Plan to flush nuke plant’s water into sea
TOKYO — The operator of the wrecked Fukushima nuclear power plant said Wednesday that it plans to build an undersea tunnel so that large amounts of treated but still radioactive water can be released into the ocean about half a mile away from the plant to avoid interference with fishing.
The operator, Tokyo Electric Power Co. Holdings, said that it hopes to start releasing the water in spring 2023. The utility says hundreds of storage tanks at the plant need to be removed to make room for facilities necessary for the plant’s decommissioning.
An official in charge of the water discharge project, Junichi Matsumoto, said the company will construct the undersea tunnel by drilling through bedrock in the seabed near its No. 5 reactor, which survived the meltdowns at the plant, to minimize possible underground contamination or leakage of radioactive ground water into the tunnel.
Increasing amounts of radioactive water have been stored in about 1,000 tanks at the Fukushima Daiichi plant since 2011, when a powerful earthquake and tsunami damaged three reactors and their cooling water became contaminated and began leaking. Plant officials said the tanks will reach their capacity late next year.
The government decided in April to start discharging the water, after further treatment and dilution, into the Pacific Ocean in spring 2023 under safety standards set by regulators.
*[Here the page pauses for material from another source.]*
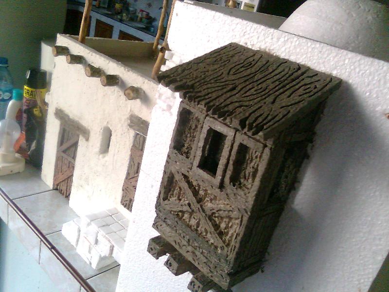 Al inicio no teníamos idea de donde iniciar, así que me encontré un artículo de José Vicente Cifre Fornas y con esa idea hicimos el nuestro. Claro que por la falta de polietileno extruido tuvimos que improvisar con algunas ramas secas de Aguacate y cascara de la corteza del mismo para algunos elementos. Otra cosa que sustituí fue la Escayola por Porcelanato (lo que utilizan para sellar las juntas de los pisos).

The idea has been fiercely opposed by fishermen, residents and neighboring countries including China and South Korea.
The offshore discharge using a pipeline enclosed inside a concrete tunnel is an attempt to minimize the “reputational damage” that would occur if the contaminated water is released close to marine life off the Fukushima coast.
Tokyo Electric Power plans to dilute the contaminated water with large amounts of seawater to reduce the concentration of radioactive materials below allowable limits. Japan has obtained the International Atomic Energy Agency’s agreement to cooperate in the water sampling and monitoring.